1953 Little League World Series

Tournament details
- Dates: August 25–August 28
- Teams: 8

Final positions
- Champions: Birmingham, Alabama
- Runners-up: Schenectady, New York

= 1953 Little League World Series =

Children's baseball tournament

The 1953 Little League World Series was held from August 25 to August 28 in Williamsport, Pennsylvania.

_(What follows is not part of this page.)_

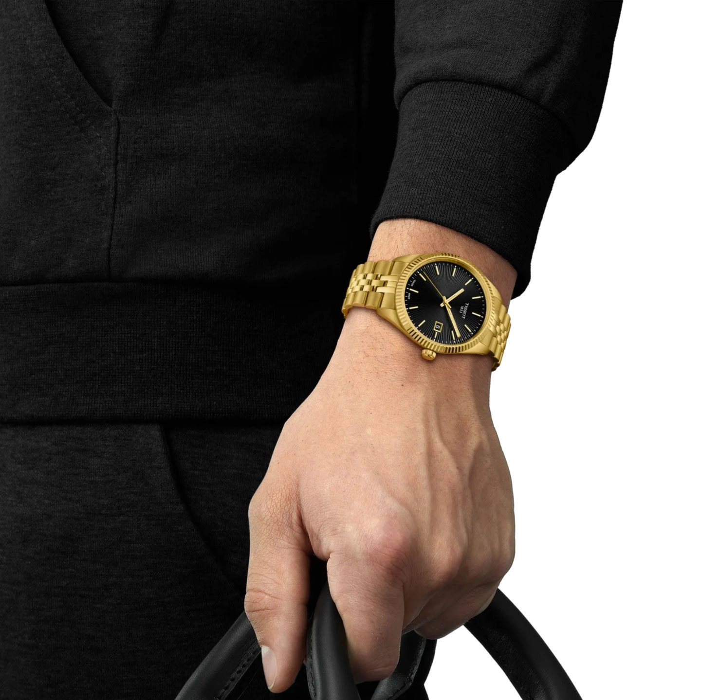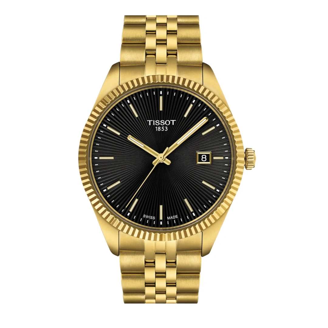 The Tissot Ballade 40mm embodies timeless elegance through refined Swiss craftsmanship and contemporary design. Its slim 316L stainless steel case, finished with rich yellow gold PVD coating, delivers a warm, luxurious presence on the wrist. The fluted bezel draws inspiration from traditional haute horlogerie, while the black guilloché dial with radiant sunbeam detailing adds depth, contrast, and visual sophistication.

In the championship game, Birmingham, Alabama, beat Schenectady, New York, by a score of 1–0 in the seventh edition of the Little League World Series.

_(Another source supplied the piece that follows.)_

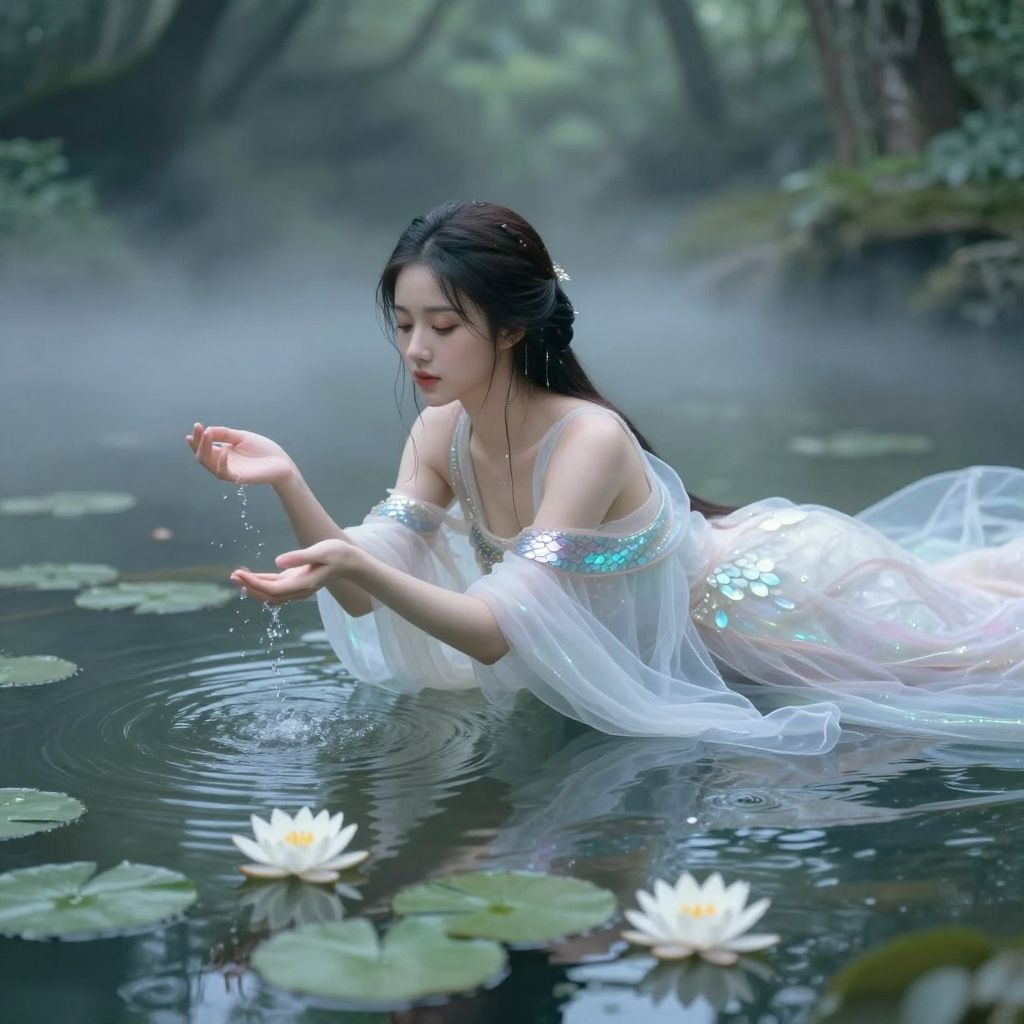 Photorealistic digital artwork of an Asian woman with long black hair adorned with a white flower, wearing a sheer, white, flowing robe, floating in a serene, misty pond. She extends her right hand gracefully above the water, with droplets gently falling from her fingers. Her left hand is open and slightly submerged. The pond has lily pads and white water lilies, with lush greenery in the background. The soft, ethereal light illuminates her delicate features and the translucent fabric of her robe, creating a tranquil, almost mystical atmosphere.

The Birmingham Public Library commemorated the 50th anniversary of the championship in 2003.

==Teams==

States and provinces represented at the 1953 Little League World Series

| Region 1 | New York Schenectady, New York |
| Region 2 | Massachusetts North Newton, Massachusetts |
| Region 3 | Pennsylvania Camp Hill, Pennsylvania |
| Region 4 | Virginia Front Royal, Virginia |
| Region 5 | Alabama Birmingham, Alabama |
| Region 6 | Illinois Joliet, Illinois |
| Region 7 | Arkansas Little Rock, Arkansas |
| Region 8 | CAN British Columbia Vancouver, British Columbia, Canada |

==Notable players==
- Jim Barbieri of Schenectady would return in as a member of that year's championship team, and would later play in Major League Baseball.